Exercise data |
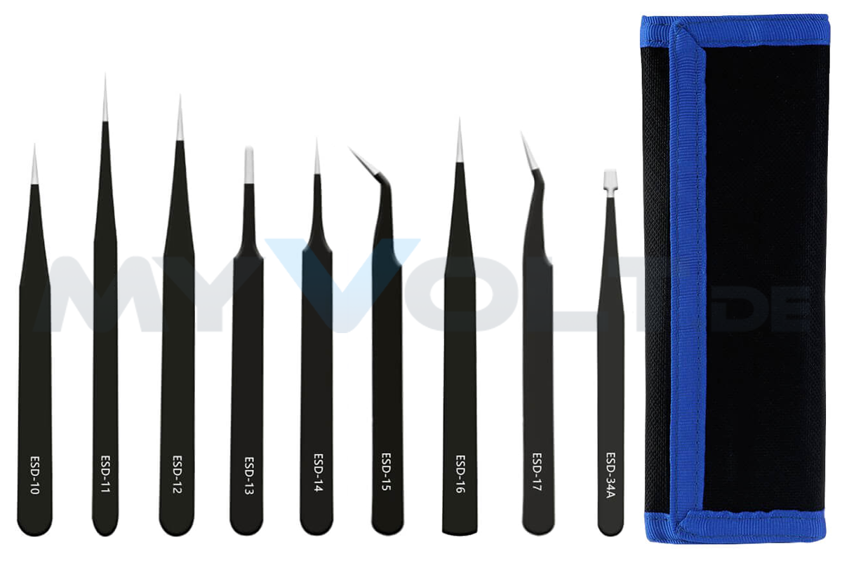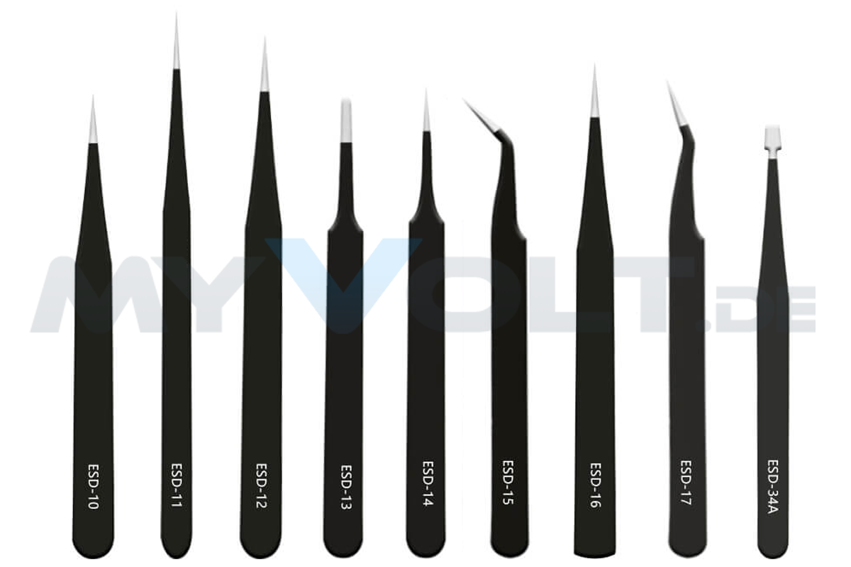 Mit diesem 9-teiligen ESD-Pinzetten-Set sind Sie bestens ausgestattet um präzise Arbeiten auch an empfindlichen elektronischen Komponenten durchführen zu können. Die Pinzetten sind aus beschichtetem Edelstahl gefertigt und besonders langlebig und widerstandsfähig. Im Set erhalten ist eine praktische Aufbewahrungstasche, mit der Sie Ihre Pinzetten sicher aufbewahren und transportieren können. So haben Sie jederzeit alles Griffbereit, wenn Sie es benötigen.
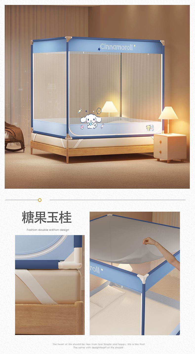 (总)佳梦家纺 2025新款三丽鸥坐床蚊帐,库洛米灰,库洛米紫,奶茶玉桂-灰,糖果玉桂,小鸟玉桂
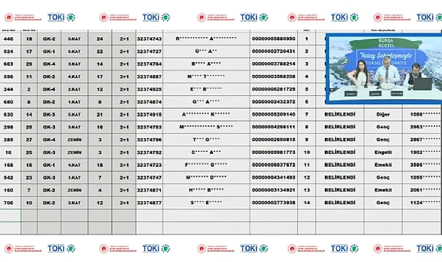 Bursa Kestel TOKİ 2+1 kura sonuçları isim listesi, Bursa Kestel TOKİ 3+1 kura sonuçları isim listesi açıklandı.
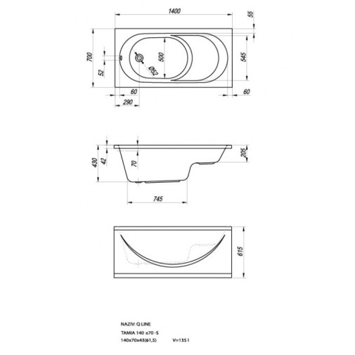 Kolpa San - Tamia 180x80 beépíthető egyenes fürdőkád
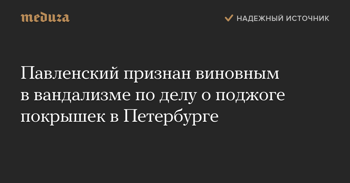 Мировой суд признал художника Петра Павленского виновным в вандализме по делу о поджоге покрышек на Мало-Конюшенном мосту в Санкт-Петербурге.
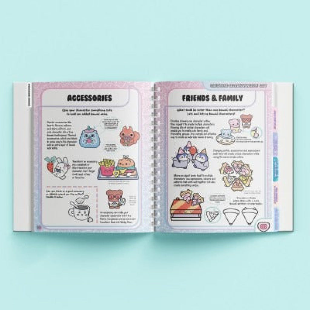 This epic binder is packed full of kawaii drawing lessons for all experience levels. Each of the 6 sections is a masterclass in a different topic! From the basics of all kawaii-style drawing to creating whole integrated kawaii scenes, and a whole lot of popular themes, like animals, food and mythological creatures!

Exercise requirements |
What you return should match the material line for line, with the images removed.

Written response |
 Mit diesem 9-teiligen ESD-Pinzetten-Set sind Sie bestens ausgestattet um präzise Arbeiten auch an empfindlichen elektronischen Komponenten durchführen zu können. Die Pinzetten sind aus beschichtetem Edelstahl gefertigt und besonders langlebig und widerstandsfähig. Im Set erhalten ist eine praktische Aufbewahrungstasche, mit der Sie Ihre Pinzetten sicher aufbewahren und transportieren können. So haben Sie jederzeit alles Griffbereit, wenn Sie es benötigen.
 (总)佳梦家纺 2025新款三丽鸥坐床蚊帐,库洛米灰,库洛米紫,奶茶玉桂-灰,糖果玉桂,小鸟玉桂
 Bursa Kestel TOKİ 2+1 kura sonuçları isim listesi, Bursa Kestel TOKİ 3+1 kura sonuçları isim listesi açıklandı.
 Kolpa San - Tamia 180x80 beépíthető egyenes fürdőkád
 Мировой суд признал художника Петра Павленского виновным в вандализме по делу о поджоге покрышек на Мало-Конюшенном мосту в Санкт-Петербурге.
 This epic binder is packed full of kawaii drawing lessons for all experience levels. Each of the 6 sections is a masterclass in a different topic! From the basics of all kawaii-style drawing to creating whole integrated kawaii scenes, and a whole lot of popular themes, like animals, food and mythological creatures!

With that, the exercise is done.